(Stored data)
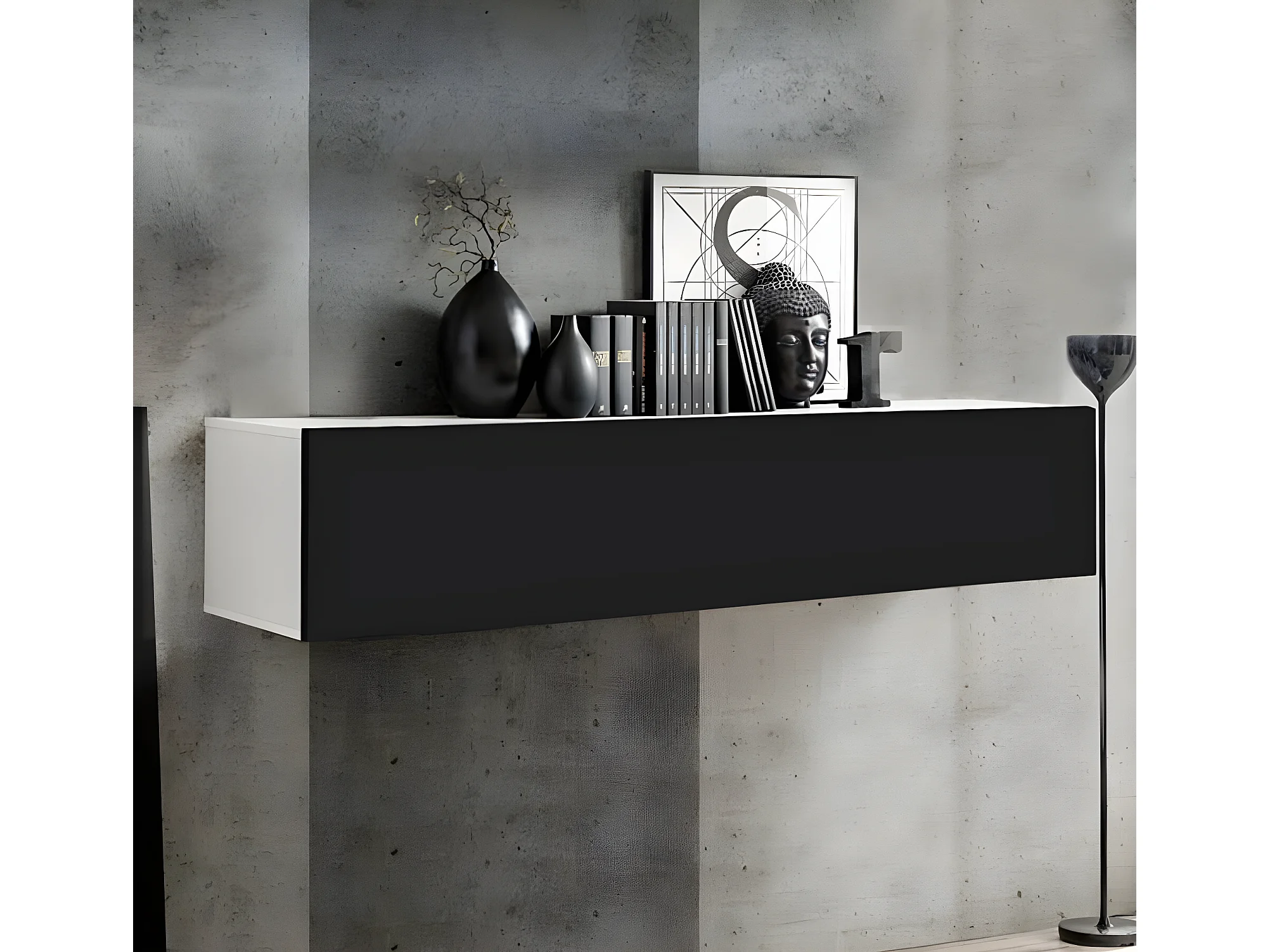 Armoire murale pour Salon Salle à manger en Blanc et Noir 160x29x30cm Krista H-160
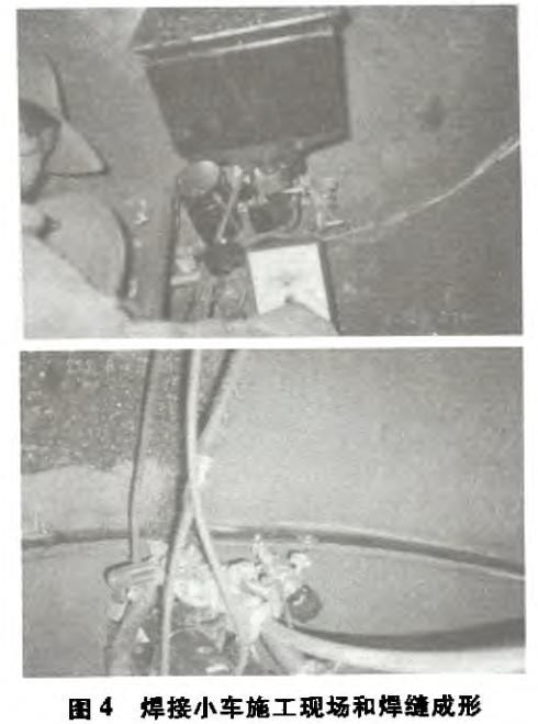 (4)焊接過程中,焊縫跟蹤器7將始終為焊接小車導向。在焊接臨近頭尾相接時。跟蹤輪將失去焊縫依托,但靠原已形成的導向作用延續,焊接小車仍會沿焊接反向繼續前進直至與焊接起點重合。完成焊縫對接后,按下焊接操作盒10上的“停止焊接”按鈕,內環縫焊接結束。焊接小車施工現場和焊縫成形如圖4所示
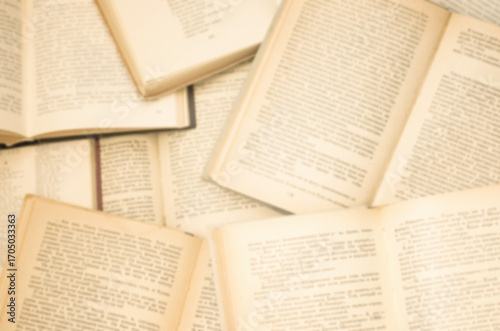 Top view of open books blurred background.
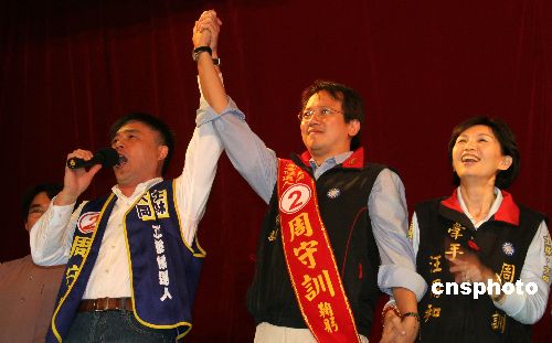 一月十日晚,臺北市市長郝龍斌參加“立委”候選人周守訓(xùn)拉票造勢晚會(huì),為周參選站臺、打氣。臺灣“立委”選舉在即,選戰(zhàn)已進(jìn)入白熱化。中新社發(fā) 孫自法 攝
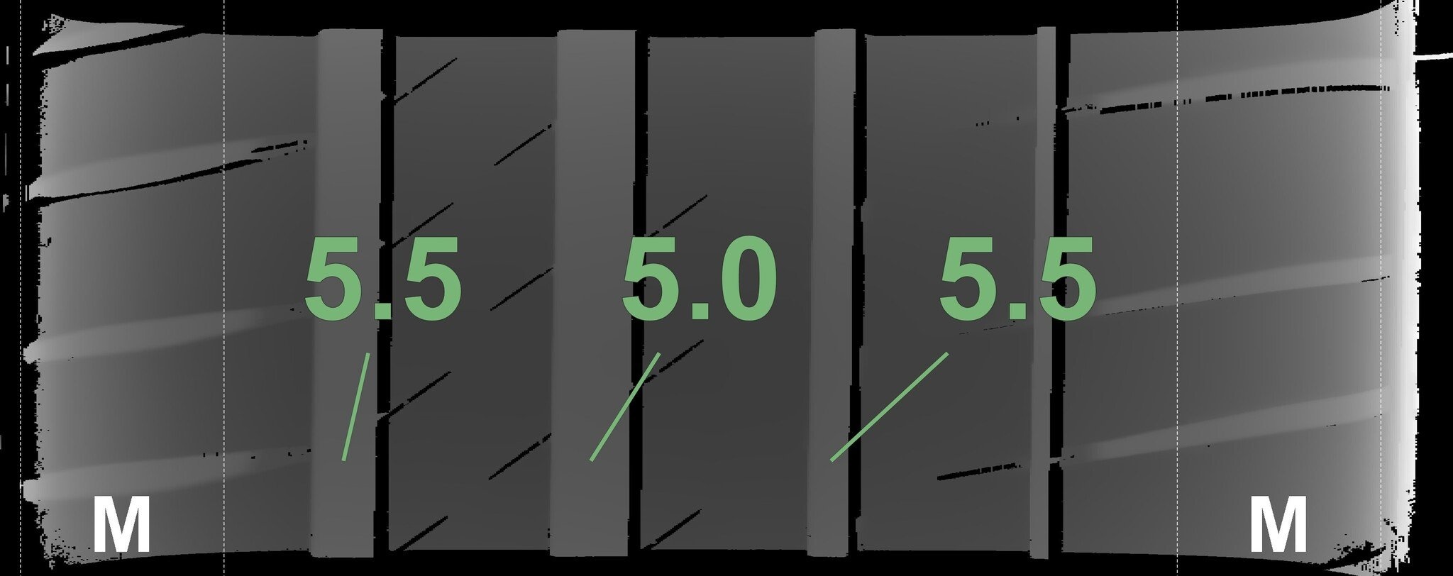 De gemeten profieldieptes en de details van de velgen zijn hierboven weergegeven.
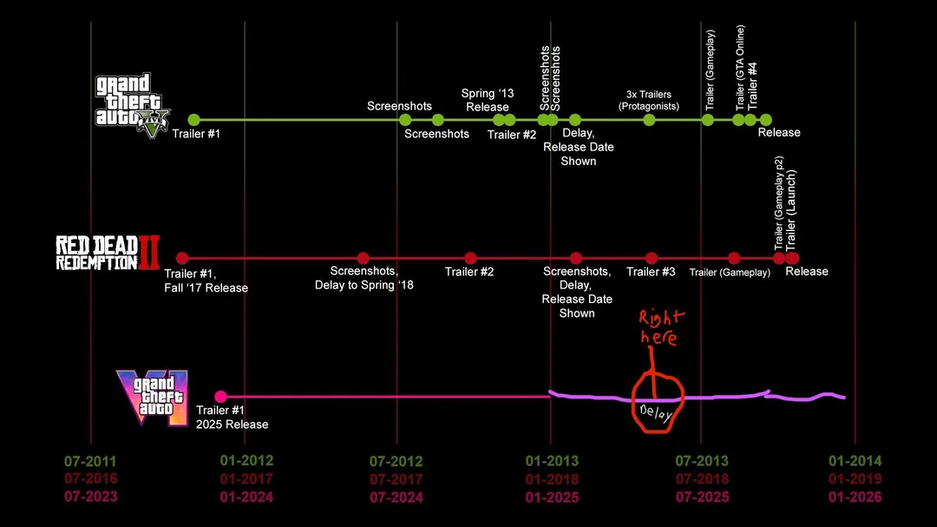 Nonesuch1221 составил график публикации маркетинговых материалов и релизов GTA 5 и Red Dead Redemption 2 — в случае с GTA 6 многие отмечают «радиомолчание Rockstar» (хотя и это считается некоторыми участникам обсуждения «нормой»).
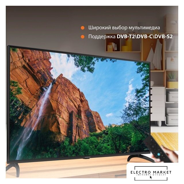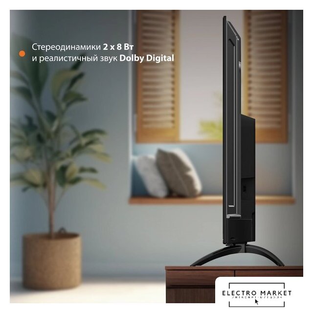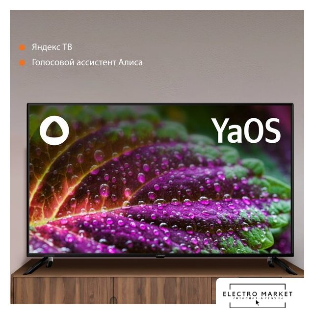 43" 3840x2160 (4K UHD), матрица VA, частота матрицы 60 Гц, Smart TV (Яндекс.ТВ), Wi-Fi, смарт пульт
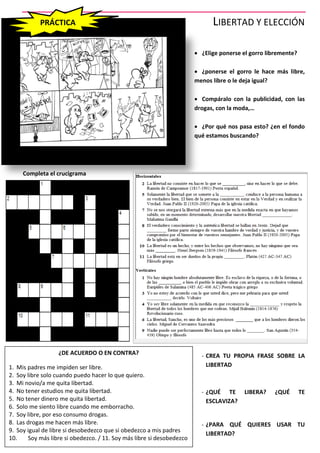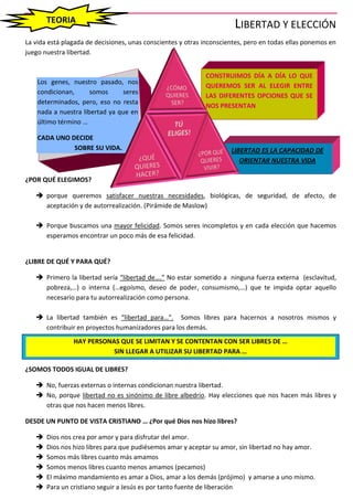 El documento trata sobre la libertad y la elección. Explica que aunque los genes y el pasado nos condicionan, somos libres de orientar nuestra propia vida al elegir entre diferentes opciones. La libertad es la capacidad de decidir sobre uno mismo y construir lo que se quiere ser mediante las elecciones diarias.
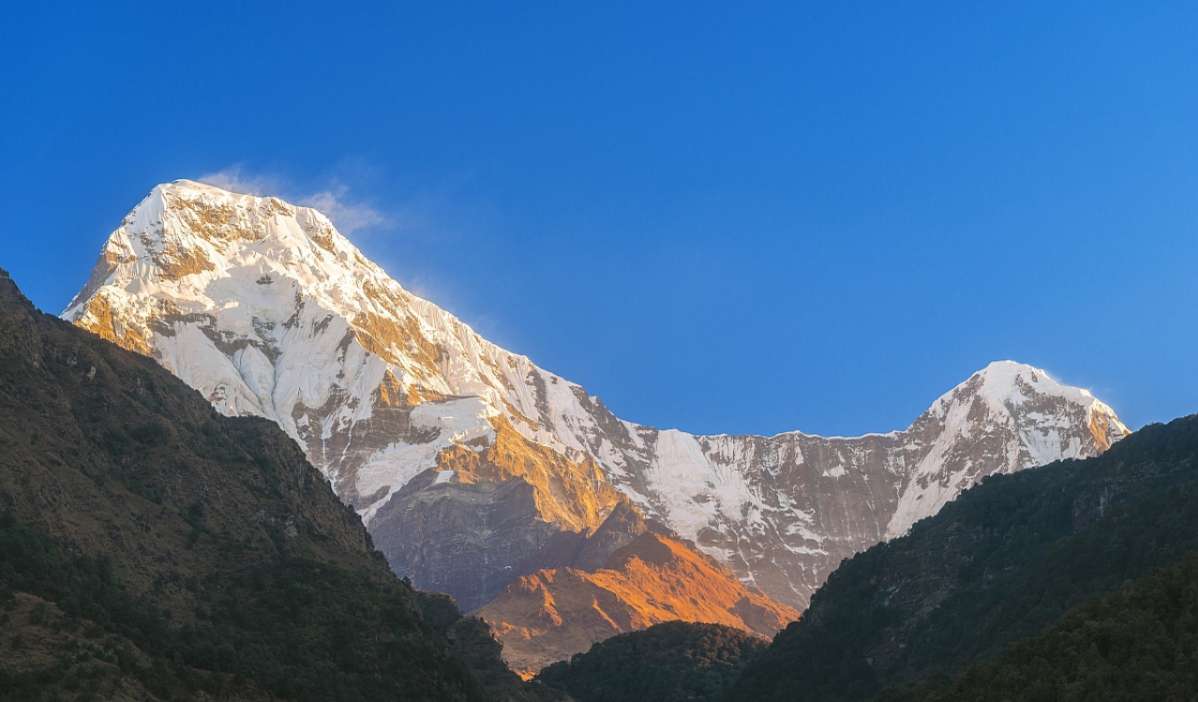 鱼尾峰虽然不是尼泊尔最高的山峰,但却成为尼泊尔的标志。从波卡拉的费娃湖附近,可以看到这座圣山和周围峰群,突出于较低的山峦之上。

- _What to do_
Please retype exactly the lines from the line containing "Top view of open books blurred background." through the final line of the records above, inclusive, leaving out any pictures.

- _Task response_
 Top view of open books blurred background.
 一月十日晚,臺北市市長郝龍斌參加“立委”候選人周守訓(xùn)拉票造勢晚會(huì),為周參選站臺、打氣。臺灣“立委”選舉在即,選戰(zhàn)已進(jìn)入白熱化。中新社發(fā) 孫自法 攝
 De gemeten profieldieptes en de details van de velgen zijn hierboven weergegeven.
 Nonesuch1221 составил график публикации маркетинговых материалов и релизов GTA 5 и Red Dead Redemption 2 — в случае с GTA 6 многие отмечают «радиомолчание Rockstar» (хотя и это считается некоторыми участникам обсуждения «нормой»).
 43" 3840x2160 (4K UHD), матрица VA, частота матрицы 60 Гц, Smart TV (Яндекс.ТВ), Wi-Fi, смарт пульт
 El documento trata sobre la libertad y la elección. Explica que aunque los genes y el pasado nos condicionan, somos libres de orientar nuestra propia vida al elegir entre diferentes opciones. La libertad es la capacidad de decidir sobre uno mismo y construir lo que se quiere ser mediante las elecciones diarias.
 鱼尾峰虽然不是尼泊尔最高的山峰,但却成为尼泊尔的标志。从波卡拉的费娃湖附近,可以看到这座圣山和周围峰群,突出于较低的山峦之上。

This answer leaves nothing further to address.